Владимир Шибаев - Прощай, Атлантида
Женщина куда-то на секунду запропастилась, потом опять зашептала:
– Ты что же тогда, кобелек, на мою уду не попался. Или не хороша? И лиса у меня, что надо. И запах из флакона, только Лизке, сбежавшей с фронта, и давала.
– Да я не очень, по настроению, – ушел от ответа Арсений.
– Жена-то хоть какая завалящая у тебя есть?
– Пока нет.
– Вот то-то и оно, и Краснуха рассказывала. Живет, говорит, как волк в уголке Дурова. Три часа тебя ждали. А как обходишься? Приходящую в пухе-перьях валяешь, или по случаю?
– По случаю, – буркнул Арсений, вспомнил Риту и замолк.

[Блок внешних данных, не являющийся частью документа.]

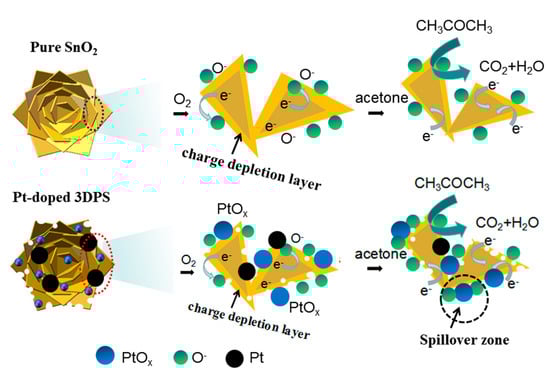 The target to doping noble metals in sensing material is to either provide more sites for more gas absorption or reduce the absorbed activate energy for readily gas absorption or reaction [,,]. As illustrated in Figure 10, since the free energy of the surface of the noble metal particles is lower than that of the metal oxide, the oxygen and the acetone molecules preferentially absorb on the metal particle but not at the metallic oxide []. During the absorption of oxygen and the acetone gas, part of Pt still remains in a metallic state in air, which provides not only catalytic adsorption sites for oxygen and acetone but also help the activated oxygen species to be ionosorbed through trapping electrons from the metal oxide [,]. Thus, the molecules can first adsorb onto the oxide support and then diffuse to a catalyst particle. This suggests that the effective capture radius of a catalyst nanoparticle can be much greater than the nanoparticle’s physical radius, consequently increasing the capture of oxygen and acetone molecular absorption and accelerating the molecular reaction [].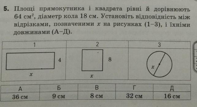 A 36 cм Х 1 4 Б 9 cм x 2 В 8 см 8 Г 32 см X 3 Д 16 сскажіть відповить як там б-34 и т.д. на кожен вираз

– Ты бы полюбил кого, – жалостливо предложила Эвелина. – Мне один очень хороший и образовавшийся мужчина на днях говорил про тебя тоже. В кафе "Приют беременного" подрабатываю. Одни слова, мол, обожает, опереточные. И жизнь больше себя любит. Слова хорошо друг дружку шептать, но одной головой не проживешь, надо и руками-ногами ворочать. Вот я, – на секунду замолкла Эвелина. – Некогда мне было до сорока годков любить… Одного только и любила. Расскажу тебе про Вальку, раз ты непонятливый и все одно – на привязи…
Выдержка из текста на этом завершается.